▸ **Your task**
Please transcribe the data below exactly. Leave the pictures out.

▸ **Extracted entries**
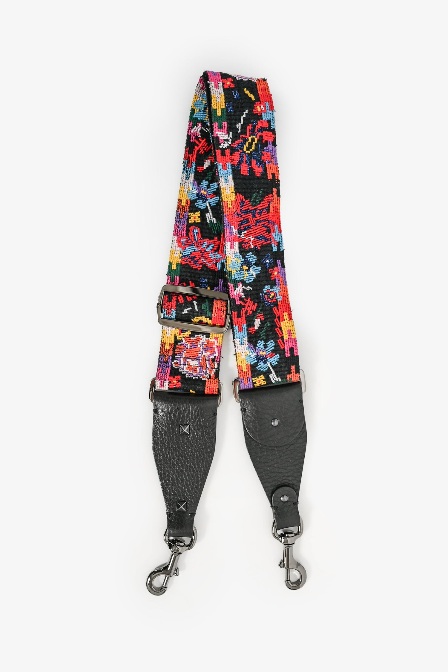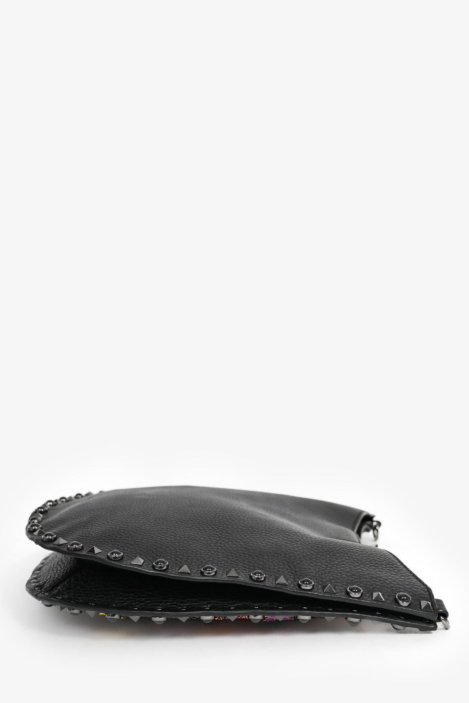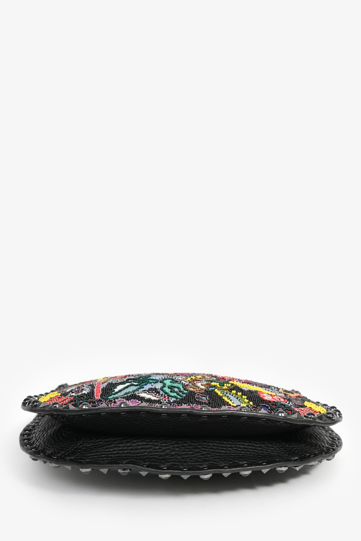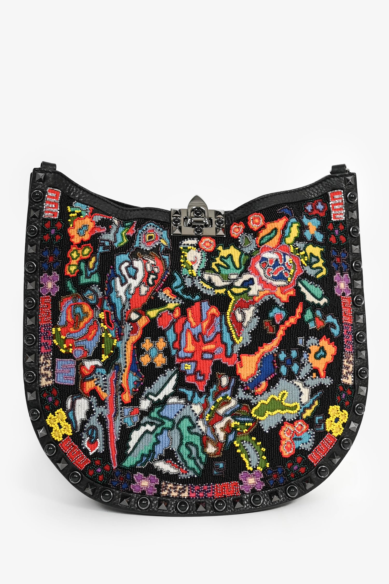Refresh availabilityValentino 2018 Black Leather Multicolour Beaded Guitar Crossbody Bag. Front turn-lock closure. Single compartment with 2 wall slip pockets and a wall zip pocket. Detachable and adjustable strap. Silver-tone hardware. Suede textile lining. Tonal stitching.
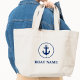 Nautical Navy Blue Anchor Rope Jumbo Tote Bag
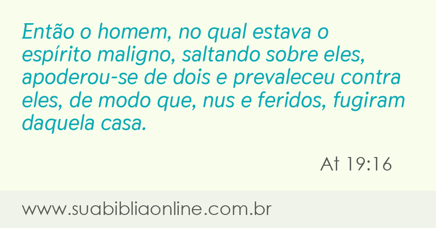 Então o homem, no qual estava o espírito maligno, saltando sobre eles, apoderou-se de dois e prevaleceu contra eles, de modo que, nus e feridos, fugiram daquela casa.
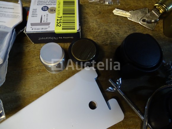 Uitrusting Hoeveelheid: 20 sets Detail: . Flap haspel + riem . Deurklinken . Deur Houder Slot . Rekken Consoles . Paar ladegeleiders . Deurklink voor meubels . Speelgoed wiel . Stoel glijders . Kast scharnieren . Flap slinger . Deur sloten . Deur stopt . Kapstok haak . Divers Staat van het perceel: Nieuw Verzending: Tarief B
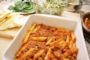 - Add about 1/3 of the meat/pasta mixture on the bottom of the baking dish and flatten the layer.
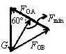 (2)以结点O为研究对象,分析受力可知:O点受三个力作用,重物对结点向下的拉力F=G,大小和方向都不变;左侧轻绳OA’的拉力FOA,其方向保持不变;右侧轻绳OB’的拉力拉力FOB.缓慢将右侧轻绳从OB’沿圆周移动时三力保持平衡.如图,由矢量三角形可知,当右侧轻绳移动到与左侧轻绳垂直时,右侧轻绳中的拉力最小,此时右侧轻绳与水平方向的夹角为θ=60°.由矢量直角三角形可知,拉力的最小值为:Fmin=Gsin60°=20
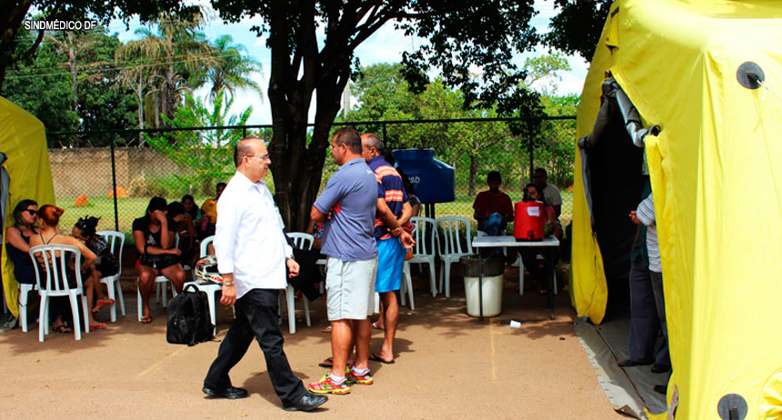 O presidente do Sindicato dos Médicos do Distrito Federal (SindMédico-DF), Gutemberg Fialho, visitou as estruturas provisórias de combate à dengue em São Sebastião e Brazlândia, nesta quarta-feira. O objetivo foi verificar as condições de trabalho e de assistência à população.
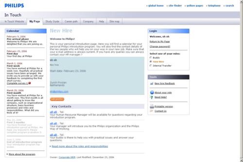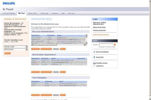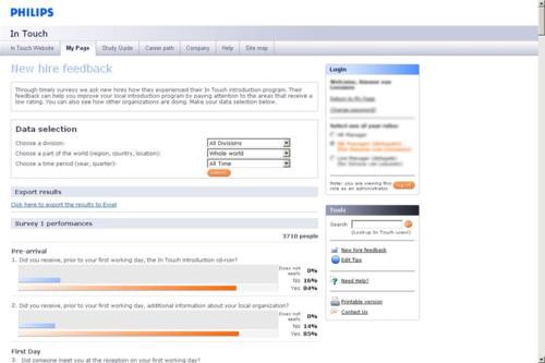 Q42 has gone to quite some extent in order to make integration with existing new-hire systems as easy as possible. New employees in North America are entered in an HR-database using PeopleSoft, which automatically exports their information to In Touch through a secured connection. This export will automatically start the In Touch programs for these new hires, and their managers will receive email reminders in time to be able to make arrangements. Also, In Touch is able to retrieve user information from Philips’ internal Diamond user directory, to ensure correct user information at all time.
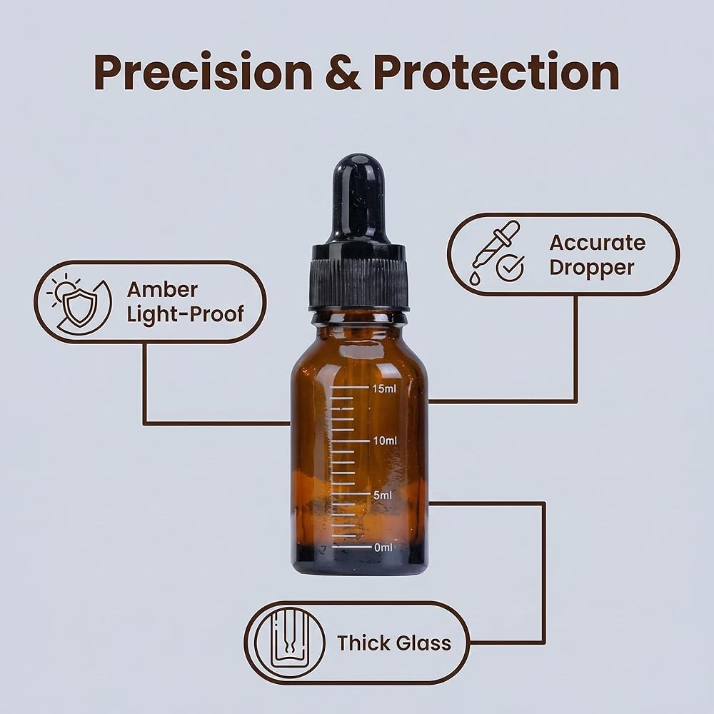 Scientific design and good function, amber glass body can protect the essential oil from sunlight, with clear calibration, more convenient to control the dosage, definetly leakproof, don't worry the oil spill out.
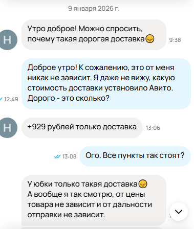 Недавно один из моих дней начался вот с такой переписки по поводу стоимости Авито доставки. Продаю я школьную винтажную юбку. Назвала ее "юбка школьная СССР", но на самом деле это уже не СССР. СССР развалился, когда я заканчивала школу. Юбка эта не моя. Моя школьная форма состояла из шерстяного коричневого платья и фартуков (черного или белого). Была еще пионерская форма: белая рубашка и юбка, похожая на эту, только синяя. Пионерская, начиная с 4 класса. А эта юбочка, нашла я ее у мамы, была серо-голубой и очень маленького размера. Как будто на первоклашку. Возможно, ее носила моя сестра. Но фасон прям советский. Не думаю, что я сильно слукавила, вставив слово "СССР". Юбка была с изъяном: со сломанной молнией. Она долго висела. Её смотрели, но никогда по ней не было никакой переписки. И тут нашелся покупатель, которого мой товар заинтересовал, но вот незадача, доставка стоит в три раза больше самой юбки! Женщина искала на Авито товары для оформления школьного музея. Я понимаю, что е
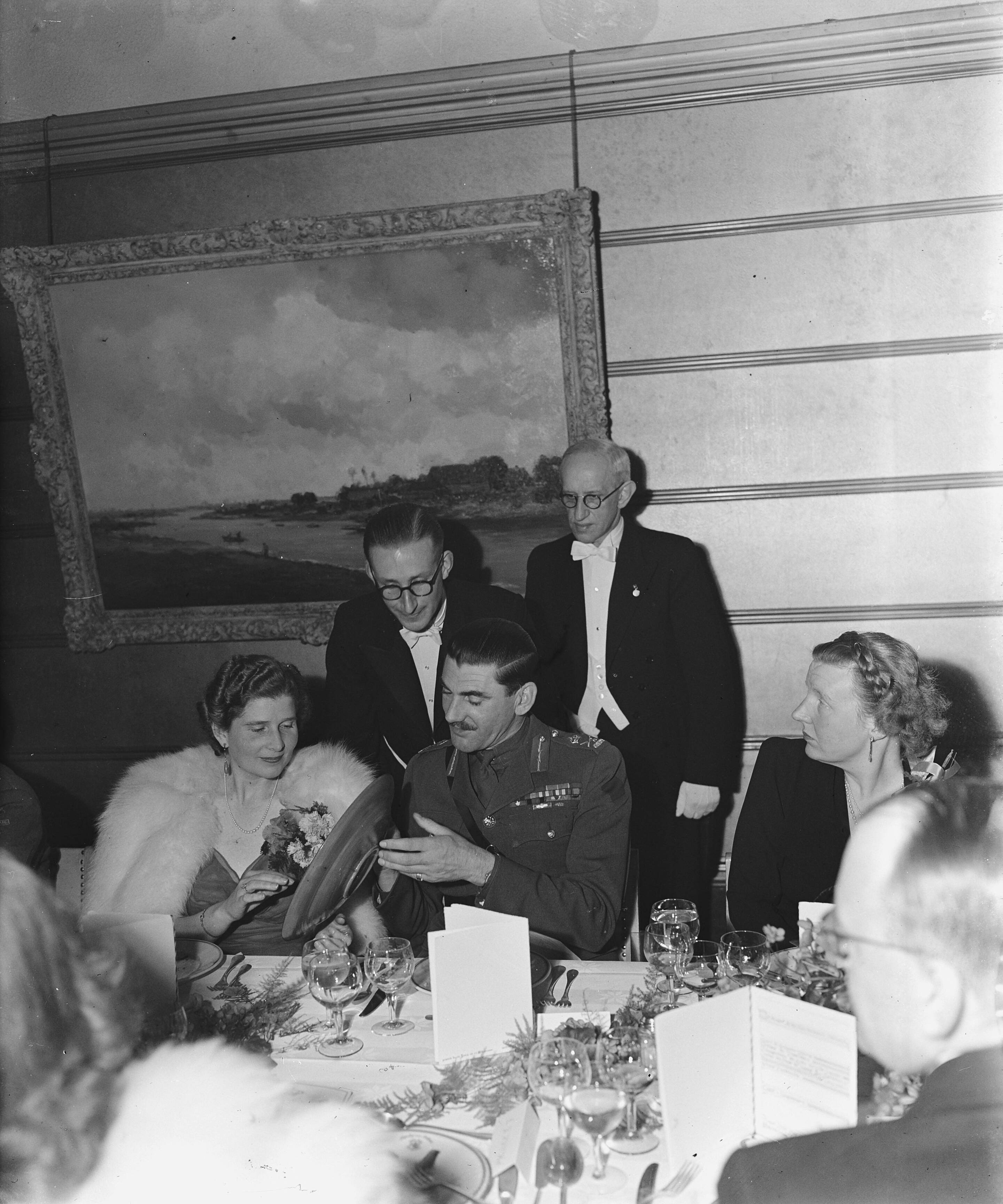 Afscheidsdiner voor de Canadese luitenant-generaal G.G. (Guy Granville) Simonds links naast prinses Juliana, rechts naast hem zijn echtgenote?

▸ **Response to this task**
Refresh availabilityValentino 2018 Black Leather Multicolour Beaded Guitar Crossbody Bag. Front turn-lock closure. Single compartment with 2 wall slip pockets and a wall zip pocket. Detachable and adjustable strap. Silver-tone hardware. Suede textile lining. Tonal stitching.
 Nautical Navy Blue Anchor Rope Jumbo Tote Bag
 Então o homem, no qual estava o espírito maligno, saltando sobre eles, apoderou-se de dois e prevaleceu contra eles, de modo que, nus e feridos, fugiram daquela casa.
 Uitrusting Hoeveelheid: 20 sets Detail: . Flap haspel + riem . Deurklinken . Deur Houder Slot . Rekken Consoles . Paar ladegeleiders . Deurklink voor meubels . Speelgoed wiel . Stoel glijders . Kast scharnieren . Flap slinger . Deur sloten . Deur stopt . Kapstok haak . Divers Staat van het perceel: Nieuw Verzending: Tarief B
 - Add about 1/3 of the meat/pasta mixture on the bottom of the baking dish and flatten the layer.
 (2)以结点O为研究对象,分析受力可知:O点受三个力作用,重物对结点向下的拉力F=G,大小和方向都不变;左侧轻绳OA’的拉力FOA,其方向保持不变;右侧轻绳OB’的拉力拉力FOB.缓慢将右侧轻绳从OB’沿圆周移动时三力保持平衡.如图,由矢量三角形可知,当右侧轻绳移动到与左侧轻绳垂直时,右侧轻绳中的拉力最小,此时右侧轻绳与水平方向的夹角为θ=60°.由矢量直角三角形可知,拉力的最小值为:Fmin=Gsin60°=20
 O presidente do Sindicato dos Médicos do Distrito Federal (SindMédico-DF), Gutemberg Fialho, visitou as estruturas provisórias de combate à dengue em São Sebastião e Brazlândia, nesta quarta-feira. O objetivo foi verificar as condições de trabalho e de assistência à população.
 Q42 has gone to quite some extent in order to make integration with existing new-hire systems as easy as possible. New employees in North America are entered in an HR-database using PeopleSoft, which automatically exports their information to In Touch through a secured connection. This export will automatically start the In Touch programs for these new hires, and their managers will receive email reminders in time to be able to make arrangements. Also, In Touch is able to retrieve user information from Philips’ internal Diamond user directory, to ensure correct user information at all time.
 Scientific design and good function, amber glass body can protect the essential oil from sunlight, with clear calibration, more convenient to control the dosage, definetly leakproof, don't worry the oil spill out.
 Недавно один из моих дней начался вот с такой переписки по поводу стоимости Авито доставки. Продаю я школьную винтажную юбку. Назвала ее "юбка школьная СССР", но на самом деле это уже не СССР. СССР развалился, когда я заканчивала школу. Юбка эта не моя. Моя школьная форма состояла из шерстяного коричневого платья и фартуков (черного или белого). Была еще пионерская форма: белая рубашка и юбка, похожая на эту, только синяя. Пионерская, начиная с 4 класса. А эта юбочка, нашла я ее у мамы, была серо-голубой и очень маленького размера. Как будто на первоклашку. Возможно, ее носила моя сестра. Но фасон прям советский. Не думаю, что я сильно слукавила, вставив слово "СССР". Юбка была с изъяном: со сломанной молнией. Она долго висела. Её смотрели, но никогда по ней не было никакой переписки. И тут нашелся покупатель, которого мой товар заинтересовал, но вот незадача, доставка стоит в три раза больше самой юбки! Женщина искала на Авито товары для оформления школьного музея. Я понимаю, что е
 Afscheidsdiner voor de Canadese luitenant-generaal G.G. (Guy Granville) Simonds links naast prinses Juliana, rechts naast hem zijn echtgenote?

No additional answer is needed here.